Based on the above assumptions, the following were considered in the design of this competition

* The number of stocks to be forecast each business day is the difference between the rate of change of 200 stocks, each of which is 10% or more than the number of stocks to be invested in (2000 stocks), so that the performance of the model can be competed without being affected by the events of individual stocks. In practice, however, institutional investors and funds often invest in 50-100 stocks, so there is a slight deviation from the real-world setting of the problem.

* When calculating the daily spread return, a linear weight of 2 to 1 is applied to the 1-200 stocks, so that stocks with higher rates of return are placed in the first position.

* Since "risk control" is also an important element of investment, the competing score is the **mean/standard deviation** of the time series of daily spread returns, rather than the simple mean or sum of daily spread returns.
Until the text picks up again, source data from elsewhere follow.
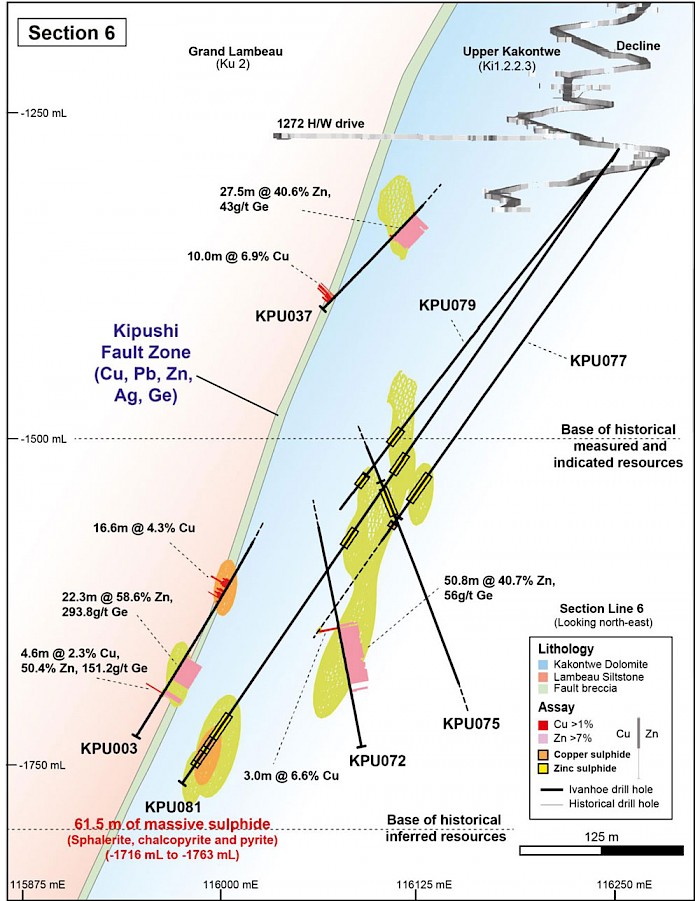 • KPU071 drilled on section line 9: 85.0 metres, drilled length, grading 49.0% zinc, 0.3% copper, 12 g/t silver and 61 g/t germanium.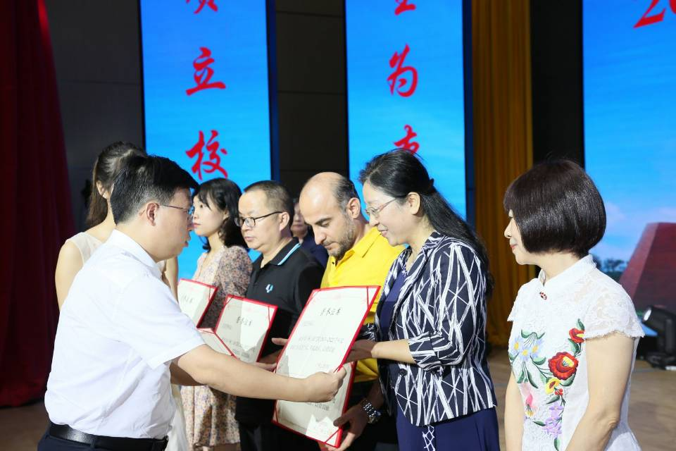 7月6日上午,学校在三水校区院部楼四楼影视厅隆重召开2021—2022学年党建教学科研表彰大会,总结了2021—2022学年的教学科研工作,表彰了党建工作奖、科研先进个人、科研先进集体、省一流课程、省一流专业和省级教学成果奖、国一流专业六批奖项。学校领导、全体中层干部、专业负责人、教研室主任、国际教育学院等相关人员参加会议。会议由张辉副校长主持。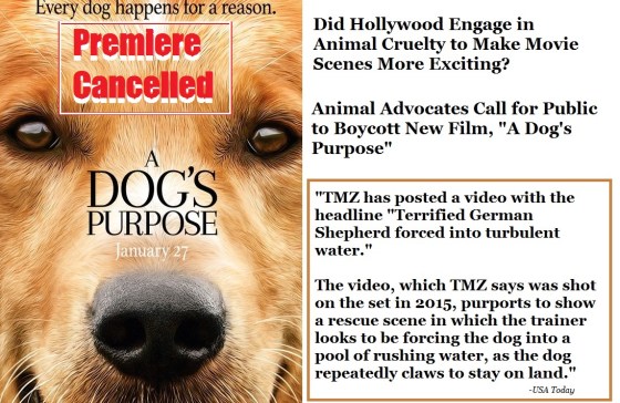 A Dogs Purpose movie boycott, alleged animal cruelty on hollywood movie set, animal abuse alleged on movie set, animal cruelty in hollywood, animal rights advocates call for public to boycott A Dogs Purpose film, Movie studio cancels premiere of A Dogs Purpose, TMZ footage of animal cruelty on set of A Dogs Purpose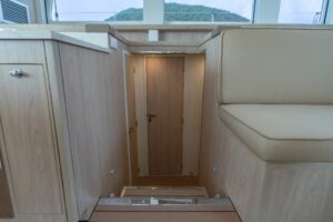 The IS525e features a state-of-the-art energy management system that optimizes power usage, ensuring the range and reliability needed for long-distance cruising. The 55kw generator can charge the drive batteries in about four hours. For long-distance passages, the batteries offer a range of about 80 nautical miles at six knots and the generator can add another 1000 nautical miles. While dockside, the Island Spirit 525e can charge with 50 amp shore power or the high-speed CCS2 charger.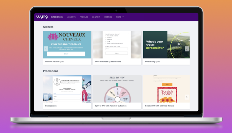 With Wyng marketers can easily build interactive digital experiences that engage customers at the right moments, transparently earn preferences and other zero-party data, and personalize in real-time. Wyng includes:

This makes it necessary to build a model that can respond to changes in the distribution of data and produce stable and high performance, rather than a model that only wins big on certain days.

* The competition also provides option data and other data that can provide clues for estimating the volatility and risk factors of the market itself. These data may be used for more sophisticated risk control. Since the bottom 200 stocks are also included in the forecast, it is possible to adopt a market-neutral strategy (it is also possible to intentionally bias the beta toward the long side).